== Segment start ==
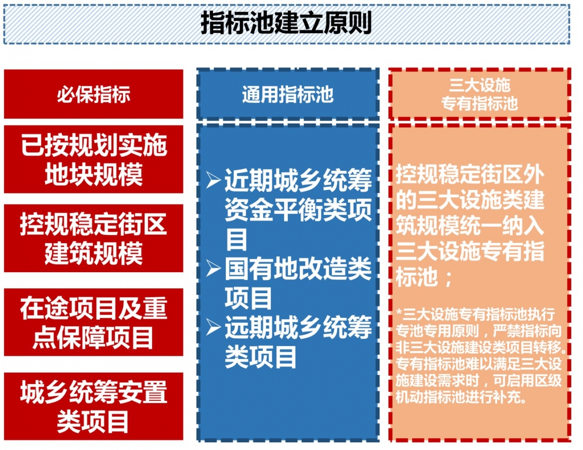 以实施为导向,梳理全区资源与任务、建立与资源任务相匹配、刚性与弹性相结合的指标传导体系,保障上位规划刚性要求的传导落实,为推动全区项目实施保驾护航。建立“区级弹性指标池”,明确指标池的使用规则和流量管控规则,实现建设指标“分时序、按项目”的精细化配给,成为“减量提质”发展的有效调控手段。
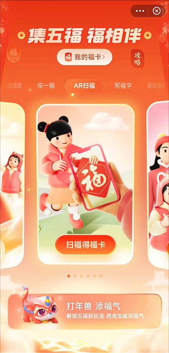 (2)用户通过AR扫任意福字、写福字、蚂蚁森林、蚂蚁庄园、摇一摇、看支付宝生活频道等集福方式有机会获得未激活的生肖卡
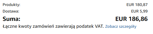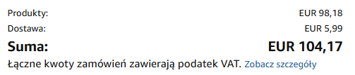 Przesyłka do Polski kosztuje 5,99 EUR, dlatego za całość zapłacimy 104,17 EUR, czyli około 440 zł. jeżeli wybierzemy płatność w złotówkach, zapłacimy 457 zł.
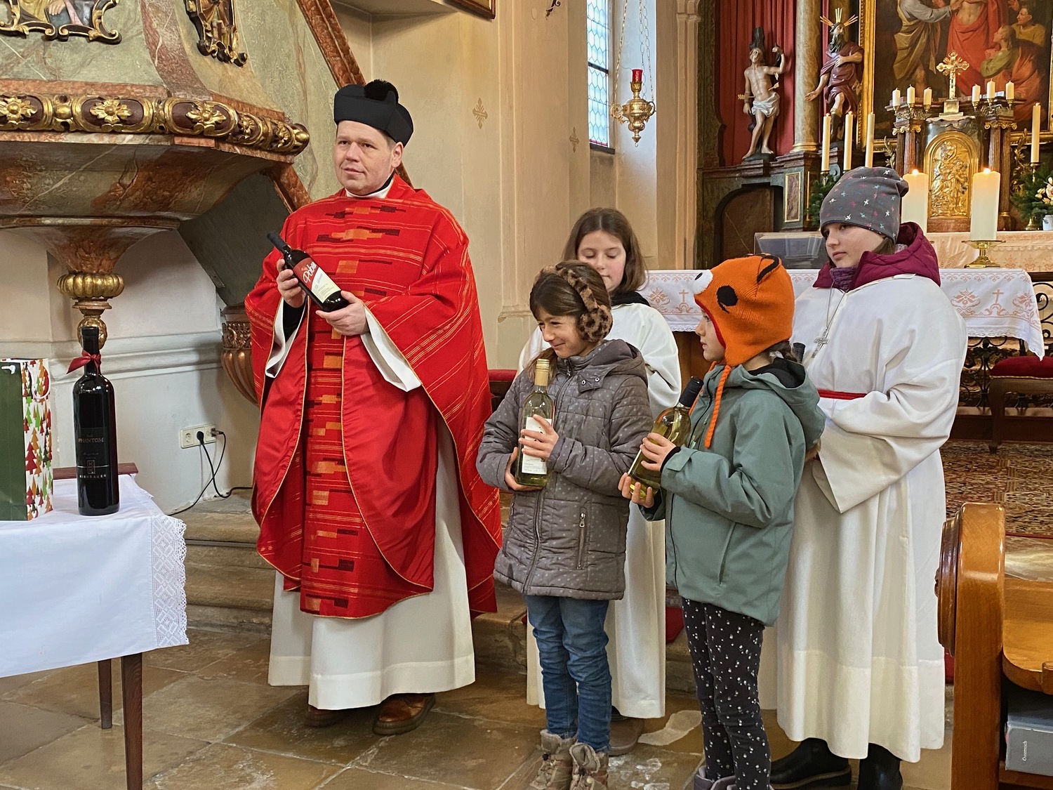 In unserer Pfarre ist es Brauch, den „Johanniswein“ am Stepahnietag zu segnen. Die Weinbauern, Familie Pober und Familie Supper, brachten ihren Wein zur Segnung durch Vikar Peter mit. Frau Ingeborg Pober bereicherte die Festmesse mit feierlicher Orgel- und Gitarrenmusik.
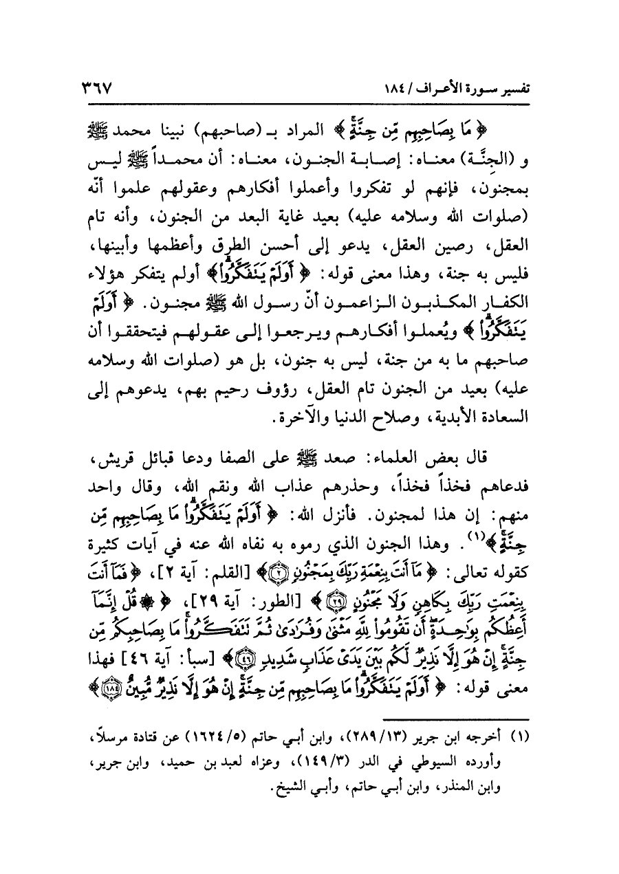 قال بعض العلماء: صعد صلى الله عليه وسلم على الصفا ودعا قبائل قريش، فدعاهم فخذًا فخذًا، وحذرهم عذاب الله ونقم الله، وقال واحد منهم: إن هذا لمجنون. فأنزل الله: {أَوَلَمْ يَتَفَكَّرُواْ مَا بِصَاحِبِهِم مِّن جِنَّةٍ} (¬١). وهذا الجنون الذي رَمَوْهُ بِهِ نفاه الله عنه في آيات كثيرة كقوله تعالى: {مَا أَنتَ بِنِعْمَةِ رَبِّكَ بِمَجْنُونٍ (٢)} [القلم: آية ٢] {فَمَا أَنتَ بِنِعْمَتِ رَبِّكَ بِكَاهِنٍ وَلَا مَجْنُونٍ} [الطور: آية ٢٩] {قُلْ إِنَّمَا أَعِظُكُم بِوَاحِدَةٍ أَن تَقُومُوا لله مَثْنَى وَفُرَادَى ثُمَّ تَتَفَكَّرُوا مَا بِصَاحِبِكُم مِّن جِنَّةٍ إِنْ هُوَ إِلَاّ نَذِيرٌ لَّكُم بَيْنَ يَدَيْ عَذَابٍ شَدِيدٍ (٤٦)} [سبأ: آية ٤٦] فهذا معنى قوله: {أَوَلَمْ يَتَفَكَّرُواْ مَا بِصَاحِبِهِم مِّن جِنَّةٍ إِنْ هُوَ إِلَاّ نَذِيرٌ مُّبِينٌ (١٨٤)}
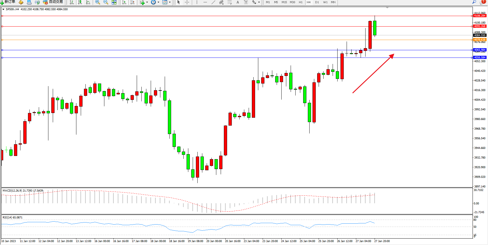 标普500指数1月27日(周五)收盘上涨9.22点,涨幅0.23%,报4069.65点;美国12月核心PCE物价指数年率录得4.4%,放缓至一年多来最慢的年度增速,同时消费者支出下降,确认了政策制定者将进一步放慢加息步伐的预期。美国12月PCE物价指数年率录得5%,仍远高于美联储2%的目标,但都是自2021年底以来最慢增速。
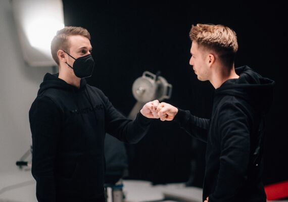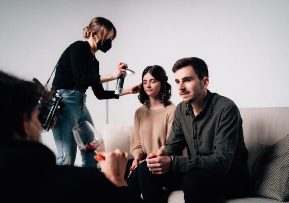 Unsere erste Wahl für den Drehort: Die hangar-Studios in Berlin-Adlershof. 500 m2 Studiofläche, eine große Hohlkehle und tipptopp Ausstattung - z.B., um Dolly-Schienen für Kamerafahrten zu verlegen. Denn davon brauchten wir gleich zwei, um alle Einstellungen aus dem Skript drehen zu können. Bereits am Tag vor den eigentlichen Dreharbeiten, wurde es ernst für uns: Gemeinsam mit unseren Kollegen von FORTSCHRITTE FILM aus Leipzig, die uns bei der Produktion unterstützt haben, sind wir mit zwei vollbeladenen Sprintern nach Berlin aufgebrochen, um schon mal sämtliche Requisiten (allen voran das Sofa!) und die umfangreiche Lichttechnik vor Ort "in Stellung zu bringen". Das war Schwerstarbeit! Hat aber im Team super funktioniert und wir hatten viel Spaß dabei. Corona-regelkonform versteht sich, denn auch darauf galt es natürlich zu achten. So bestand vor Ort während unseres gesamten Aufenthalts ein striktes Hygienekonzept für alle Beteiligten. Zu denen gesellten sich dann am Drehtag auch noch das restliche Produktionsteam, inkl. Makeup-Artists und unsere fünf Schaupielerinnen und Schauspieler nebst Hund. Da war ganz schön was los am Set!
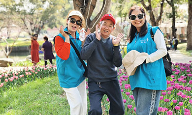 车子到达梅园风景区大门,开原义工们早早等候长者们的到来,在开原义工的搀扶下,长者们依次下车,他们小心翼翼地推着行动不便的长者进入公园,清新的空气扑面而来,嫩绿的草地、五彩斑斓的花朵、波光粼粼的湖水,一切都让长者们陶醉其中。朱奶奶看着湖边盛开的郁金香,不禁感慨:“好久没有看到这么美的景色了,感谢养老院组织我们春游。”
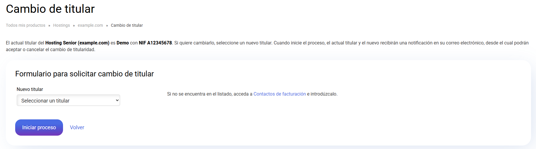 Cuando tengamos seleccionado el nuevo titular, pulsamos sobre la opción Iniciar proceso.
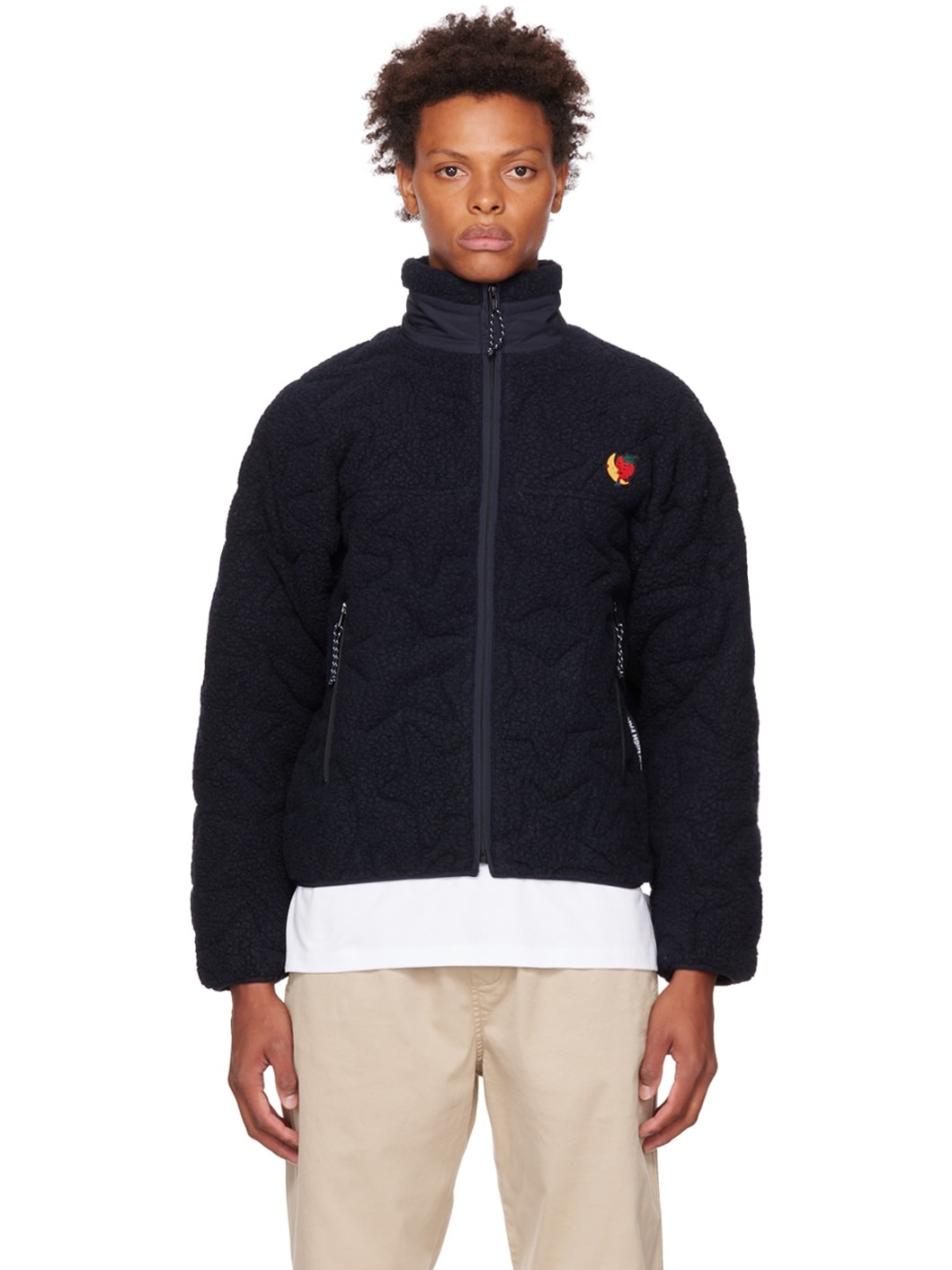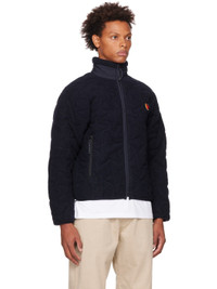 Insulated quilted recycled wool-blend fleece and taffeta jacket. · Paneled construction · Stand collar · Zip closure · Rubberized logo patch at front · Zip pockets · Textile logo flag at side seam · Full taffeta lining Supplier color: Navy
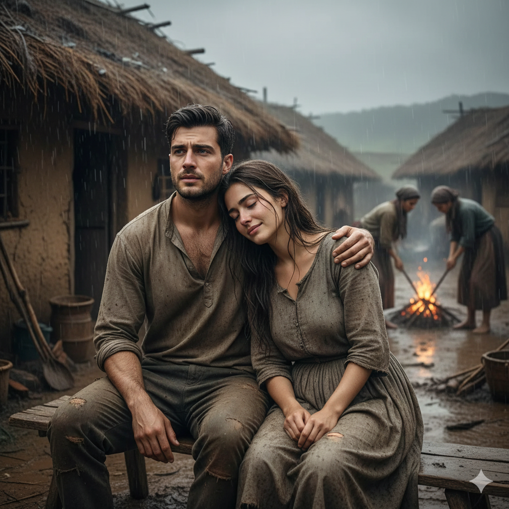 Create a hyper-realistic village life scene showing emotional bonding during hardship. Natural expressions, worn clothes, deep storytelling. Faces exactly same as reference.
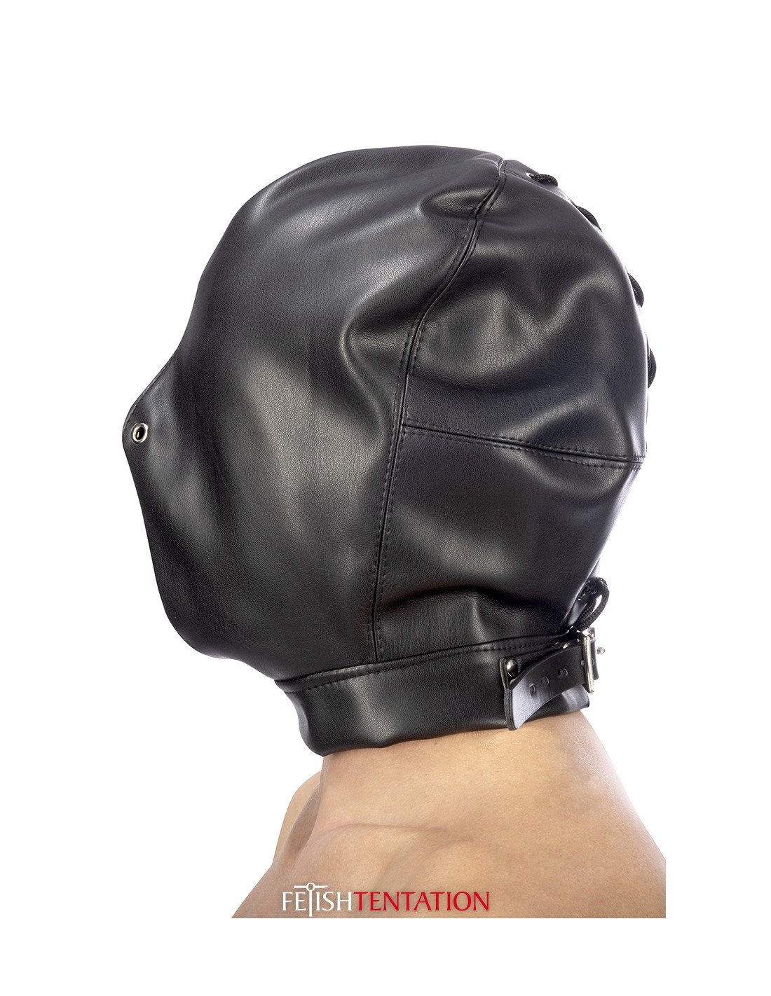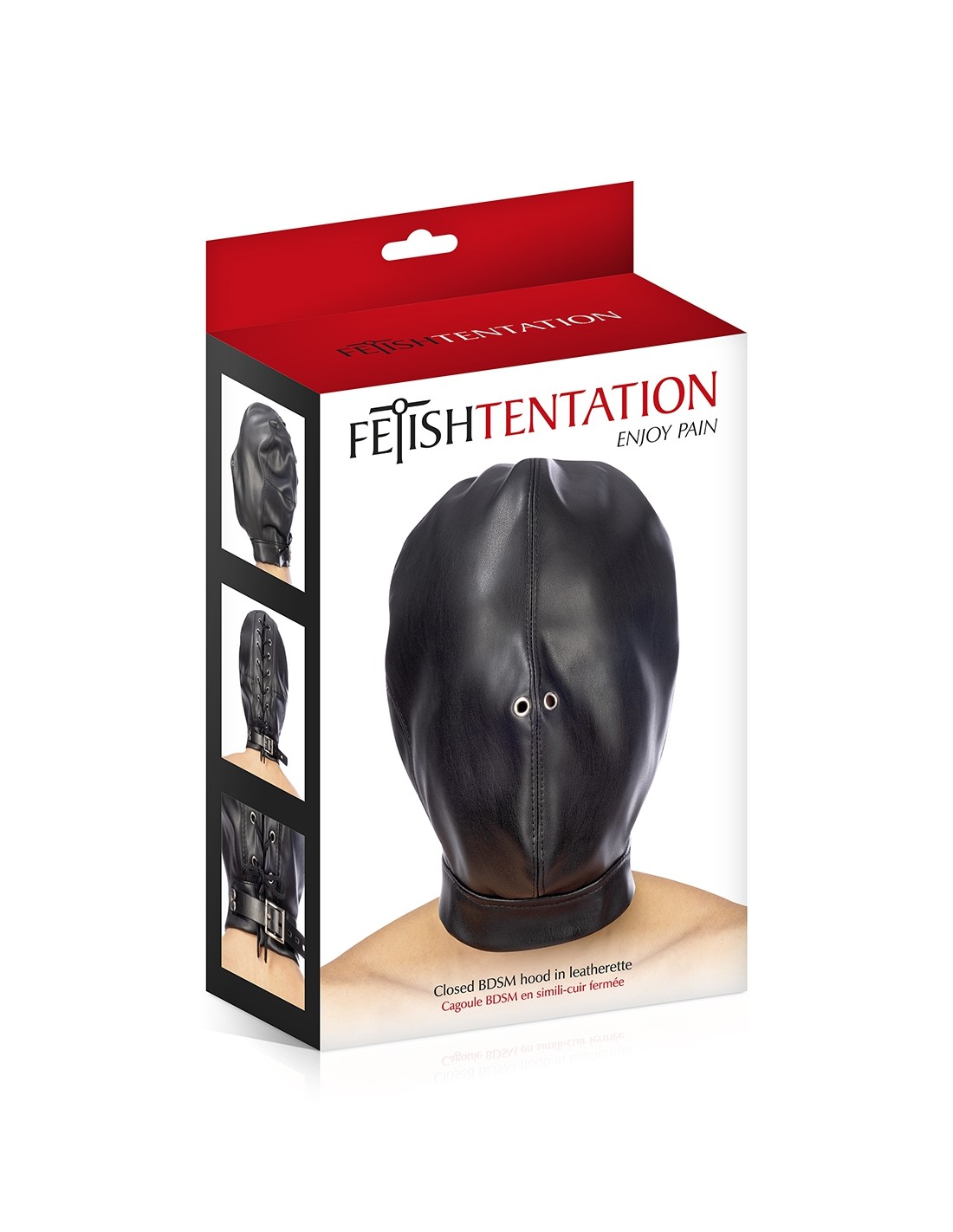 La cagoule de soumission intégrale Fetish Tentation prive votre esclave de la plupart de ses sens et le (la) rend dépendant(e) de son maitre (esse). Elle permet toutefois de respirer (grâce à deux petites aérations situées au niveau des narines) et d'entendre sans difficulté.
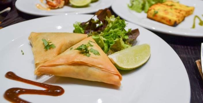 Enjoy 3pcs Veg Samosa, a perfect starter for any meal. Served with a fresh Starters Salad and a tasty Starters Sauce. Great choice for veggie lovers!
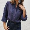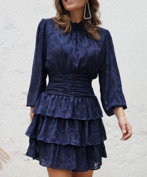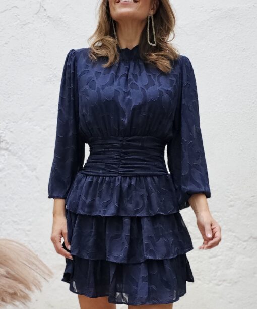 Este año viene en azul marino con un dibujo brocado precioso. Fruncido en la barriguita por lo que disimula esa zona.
== Segment end ==
◆ EXERCISE OBJECTIVE ◆
Return the material from above in full, exactly as written, with the pictures omitted.

◆ ANSWER SECTION ◆
 以实施为导向,梳理全区资源与任务、建立与资源任务相匹配、刚性与弹性相结合的指标传导体系,保障上位规划刚性要求的传导落实,为推动全区项目实施保驾护航。建立“区级弹性指标池”,明确指标池的使用规则和流量管控规则,实现建设指标“分时序、按项目”的精细化配给,成为“减量提质”发展的有效调控手段。
 (2)用户通过AR扫任意福字、写福字、蚂蚁森林、蚂蚁庄园、摇一摇、看支付宝生活频道等集福方式有机会获得未激活的生肖卡
 Przesyłka do Polski kosztuje 5,99 EUR, dlatego za całość zapłacimy 104,17 EUR, czyli około 440 zł. jeżeli wybierzemy płatność w złotówkach, zapłacimy 457 zł.
 In unserer Pfarre ist es Brauch, den „Johanniswein“ am Stepahnietag zu segnen. Die Weinbauern, Familie Pober und Familie Supper, brachten ihren Wein zur Segnung durch Vikar Peter mit. Frau Ingeborg Pober bereicherte die Festmesse mit feierlicher Orgel- und Gitarrenmusik.
 قال بعض العلماء: صعد صلى الله عليه وسلم على الصفا ودعا قبائل قريش، فدعاهم فخذًا فخذًا، وحذرهم عذاب الله ونقم الله، وقال واحد منهم: إن هذا لمجنون. فأنزل الله: {أَوَلَمْ يَتَفَكَّرُواْ مَا بِصَاحِبِهِم مِّن جِنَّةٍ} (¬١). وهذا الجنون الذي رَمَوْهُ بِهِ نفاه الله عنه في آيات كثيرة كقوله تعالى: {مَا أَنتَ بِنِعْمَةِ رَبِّكَ بِمَجْنُونٍ (٢)} [القلم: آية ٢] {فَمَا أَنتَ بِنِعْمَتِ رَبِّكَ بِكَاهِنٍ وَلَا مَجْنُونٍ} [الطور: آية ٢٩] {قُلْ إِنَّمَا أَعِظُكُم بِوَاحِدَةٍ أَن تَقُومُوا لله مَثْنَى وَفُرَادَى ثُمَّ تَتَفَكَّرُوا مَا بِصَاحِبِكُم مِّن جِنَّةٍ إِنْ هُوَ إِلَاّ نَذِيرٌ لَّكُم بَيْنَ يَدَيْ عَذَابٍ شَدِيدٍ (٤٦)} [سبأ: آية ٤٦] فهذا معنى قوله: {أَوَلَمْ يَتَفَكَّرُواْ مَا بِصَاحِبِهِم مِّن جِنَّةٍ إِنْ هُوَ إِلَاّ نَذِيرٌ مُّبِينٌ (١٨٤)}
 标普500指数1月27日(周五)收盘上涨9.22点,涨幅0.23%,报4069.65点;美国12月核心PCE物价指数年率录得4.4%,放缓至一年多来最慢的年度增速,同时消费者支出下降,确认了政策制定者将进一步放慢加息步伐的预期。美国12月PCE物价指数年率录得5%,仍远高于美联储2%的目标,但都是自2021年底以来最慢增速。
 Unsere erste Wahl für den Drehort: Die hangar-Studios in Berlin-Adlershof. 500 m2 Studiofläche, eine große Hohlkehle und tipptopp Ausstattung - z.B., um Dolly-Schienen für Kamerafahrten zu verlegen. Denn davon brauchten wir gleich zwei, um alle Einstellungen aus dem Skript drehen zu können. Bereits am Tag vor den eigentlichen Dreharbeiten, wurde es ernst für uns: Gemeinsam mit unseren Kollegen von FORTSCHRITTE FILM aus Leipzig, die uns bei der Produktion unterstützt haben, sind wir mit zwei vollbeladenen Sprintern nach Berlin aufgebrochen, um schon mal sämtliche Requisiten (allen voran das Sofa!) und die umfangreiche Lichttechnik vor Ort "in Stellung zu bringen". Das war Schwerstarbeit! Hat aber im Team super funktioniert und wir hatten viel Spaß dabei. Corona-regelkonform versteht sich, denn auch darauf galt es natürlich zu achten. So bestand vor Ort während unseres gesamten Aufenthalts ein striktes Hygienekonzept für alle Beteiligten. Zu denen gesellten sich dann am Drehtag auch noch das restliche Produktionsteam, inkl. Makeup-Artists und unsere fünf Schaupielerinnen und Schauspieler nebst Hund. Da war ganz schön was los am Set!
 车子到达梅园风景区大门,开原义工们早早等候长者们的到来,在开原义工的搀扶下,长者们依次下车,他们小心翼翼地推着行动不便的长者进入公园,清新的空气扑面而来,嫩绿的草地、五彩斑斓的花朵、波光粼粼的湖水,一切都让长者们陶醉其中。朱奶奶看着湖边盛开的郁金香,不禁感慨:“好久没有看到这么美的景色了,感谢养老院组织我们春游。”
 Cuando tengamos seleccionado el nuevo titular, pulsamos sobre la opción Iniciar proceso.
 Insulated quilted recycled wool-blend fleece and taffeta jacket. · Paneled construction · Stand collar · Zip closure · Rubberized logo patch at front · Zip pockets · Textile logo flag at side seam · Full taffeta lining Supplier color: Navy
 Create a hyper-realistic village life scene showing emotional bonding during hardship. Natural expressions, worn clothes, deep storytelling. Faces exactly same as reference.
 La cagoule de soumission intégrale Fetish Tentation prive votre esclave de la plupart de ses sens et le (la) rend dépendant(e) de son maitre (esse). Elle permet toutefois de respirer (grâce à deux petites aérations situées au niveau des narines) et d'entendre sans difficulté.
 Enjoy 3pcs Veg Samosa, a perfect starter for any meal. Served with a fresh Starters Salad and a tasty Starters Sauce. Great choice for veggie lovers!
 Este año viene en azul marino con un dibujo brocado precioso. Fruncido en la barriguita por lo que disimula esa zona.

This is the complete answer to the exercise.